• **STORED DATA**:

=-=-=

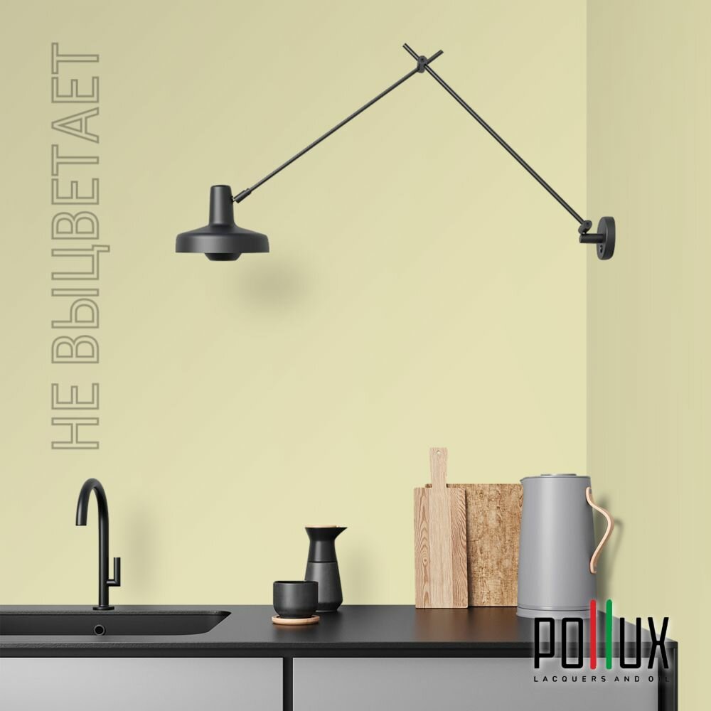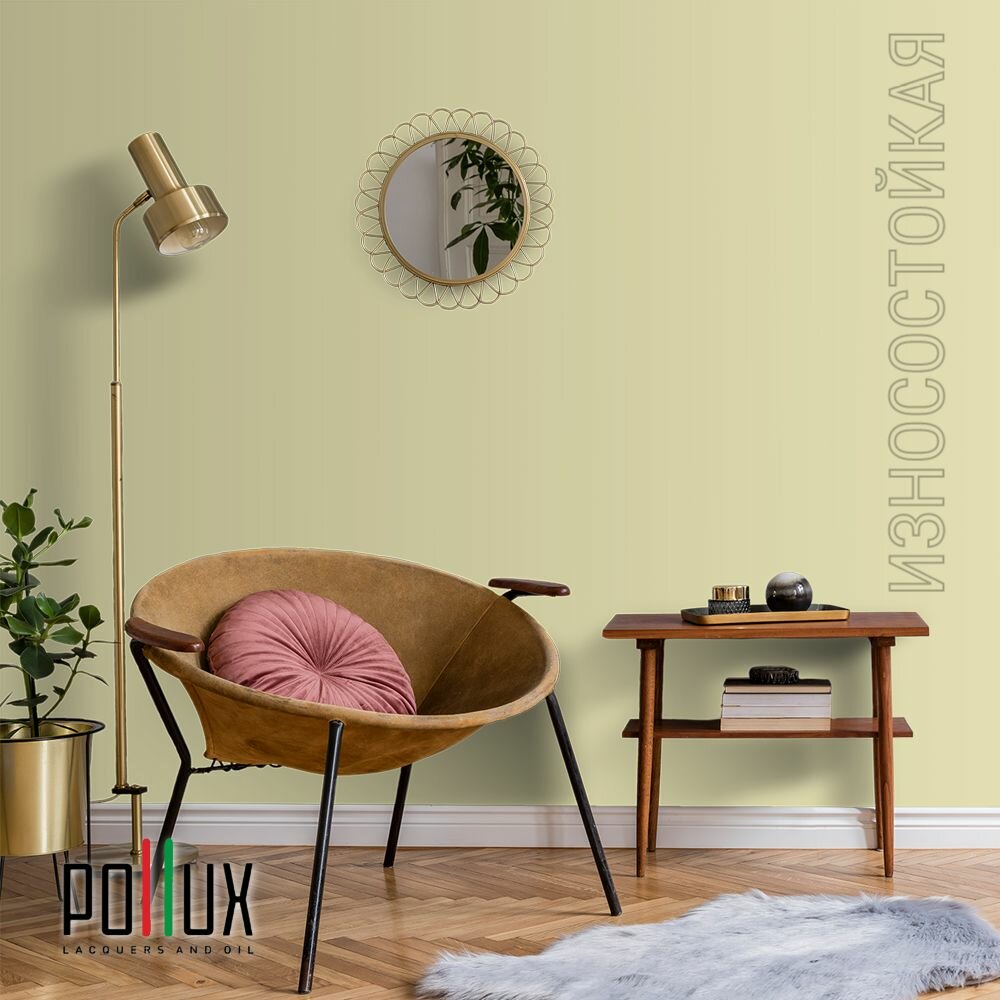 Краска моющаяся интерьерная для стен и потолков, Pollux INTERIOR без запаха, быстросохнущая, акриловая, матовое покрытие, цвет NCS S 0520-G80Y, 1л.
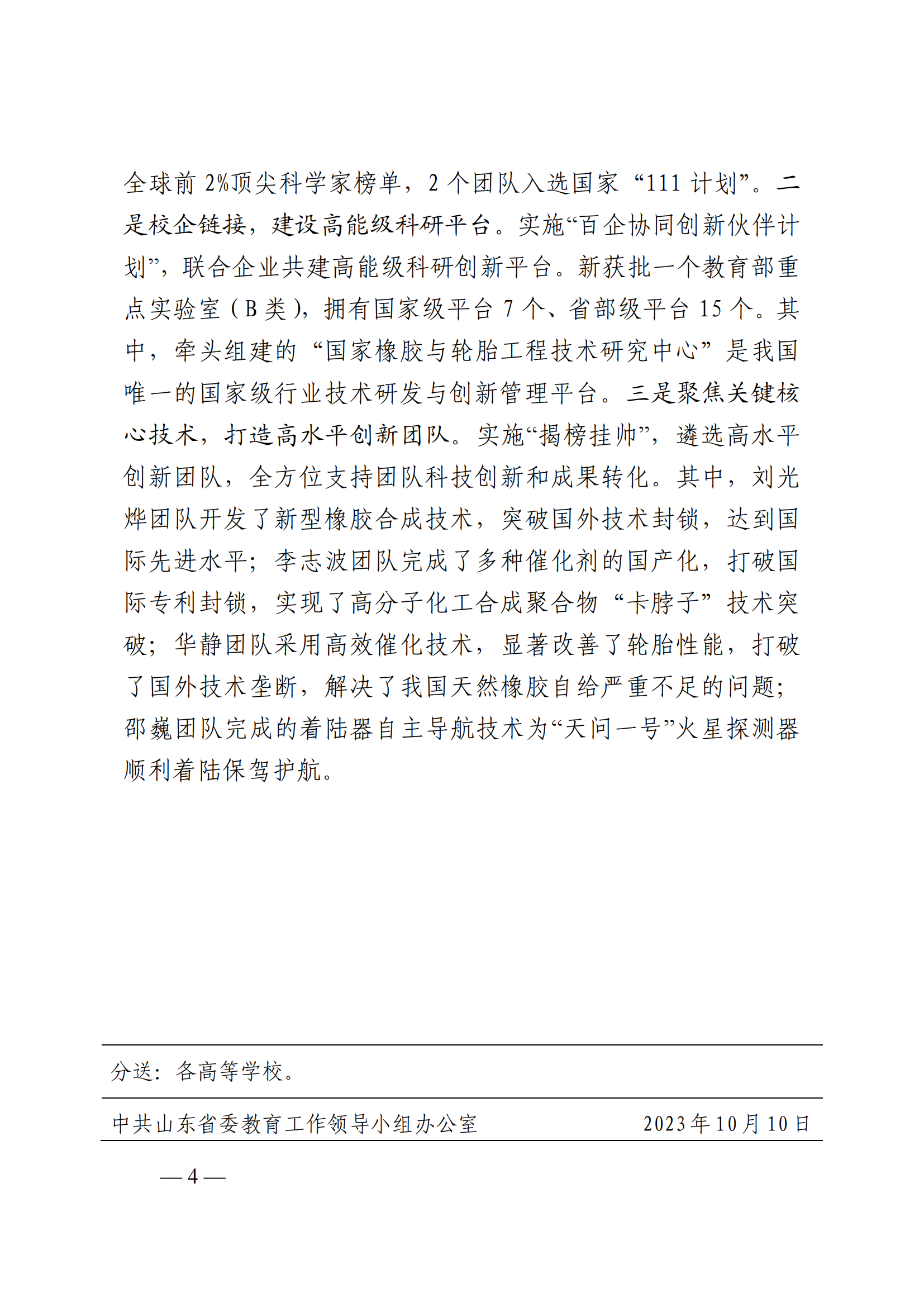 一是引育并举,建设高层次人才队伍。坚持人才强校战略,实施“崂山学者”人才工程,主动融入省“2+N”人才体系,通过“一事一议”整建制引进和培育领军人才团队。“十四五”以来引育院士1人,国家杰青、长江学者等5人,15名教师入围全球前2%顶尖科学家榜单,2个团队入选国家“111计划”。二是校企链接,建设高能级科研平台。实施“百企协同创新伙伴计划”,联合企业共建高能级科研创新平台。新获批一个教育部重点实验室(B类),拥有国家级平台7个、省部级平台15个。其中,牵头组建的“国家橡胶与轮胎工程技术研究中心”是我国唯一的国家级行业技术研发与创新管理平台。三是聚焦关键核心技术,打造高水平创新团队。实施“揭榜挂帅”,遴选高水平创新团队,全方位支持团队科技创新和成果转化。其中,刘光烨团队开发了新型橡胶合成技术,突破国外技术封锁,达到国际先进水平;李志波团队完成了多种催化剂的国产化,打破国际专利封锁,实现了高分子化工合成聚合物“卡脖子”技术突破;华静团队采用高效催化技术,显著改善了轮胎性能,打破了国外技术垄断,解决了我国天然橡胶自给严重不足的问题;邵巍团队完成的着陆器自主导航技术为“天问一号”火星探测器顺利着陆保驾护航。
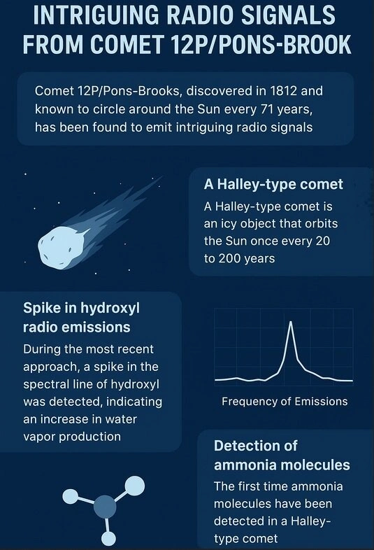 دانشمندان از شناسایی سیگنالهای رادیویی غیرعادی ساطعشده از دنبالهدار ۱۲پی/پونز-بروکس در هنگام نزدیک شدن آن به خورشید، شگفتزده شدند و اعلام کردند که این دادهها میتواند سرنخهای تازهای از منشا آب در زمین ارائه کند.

=-=-=

• **TRY IT**: Everything above except the pictures needs to be reproduced exactly.

• **EXERCISE ANSWER**:
 Краска моющаяся интерьерная для стен и потолков, Pollux INTERIOR без запаха, быстросохнущая, акриловая, матовое покрытие, цвет NCS S 0520-G80Y, 1л.
 一是引育并举,建设高层次人才队伍。坚持人才强校战略,实施“崂山学者”人才工程,主动融入省“2+N”人才体系,通过“一事一议”整建制引进和培育领军人才团队。“十四五”以来引育院士1人,国家杰青、长江学者等5人,15名教师入围全球前2%顶尖科学家榜单,2个团队入选国家“111计划”。二是校企链接,建设高能级科研平台。实施“百企协同创新伙伴计划”,联合企业共建高能级科研创新平台。新获批一个教育部重点实验室(B类),拥有国家级平台7个、省部级平台15个。其中,牵头组建的“国家橡胶与轮胎工程技术研究中心”是我国唯一的国家级行业技术研发与创新管理平台。三是聚焦关键核心技术,打造高水平创新团队。实施“揭榜挂帅”,遴选高水平创新团队,全方位支持团队科技创新和成果转化。其中,刘光烨团队开发了新型橡胶合成技术,突破国外技术封锁,达到国际先进水平;李志波团队完成了多种催化剂的国产化,打破国际专利封锁,实现了高分子化工合成聚合物“卡脖子”技术突破;华静团队采用高效催化技术,显著改善了轮胎性能,打破了国外技术垄断,解决了我国天然橡胶自给严重不足的问题;邵巍团队完成的着陆器自主导航技术为“天问一号”火星探测器顺利着陆保驾护航。
 دانشمندان از شناسایی سیگنالهای رادیویی غیرعادی ساطعشده از دنبالهدار ۱۲پی/پونز-بروکس در هنگام نزدیک شدن آن به خورشید، شگفتزده شدند و اعلام کردند که این دادهها میتواند سرنخهای تازهای از منشا آب در زمین ارائه کند.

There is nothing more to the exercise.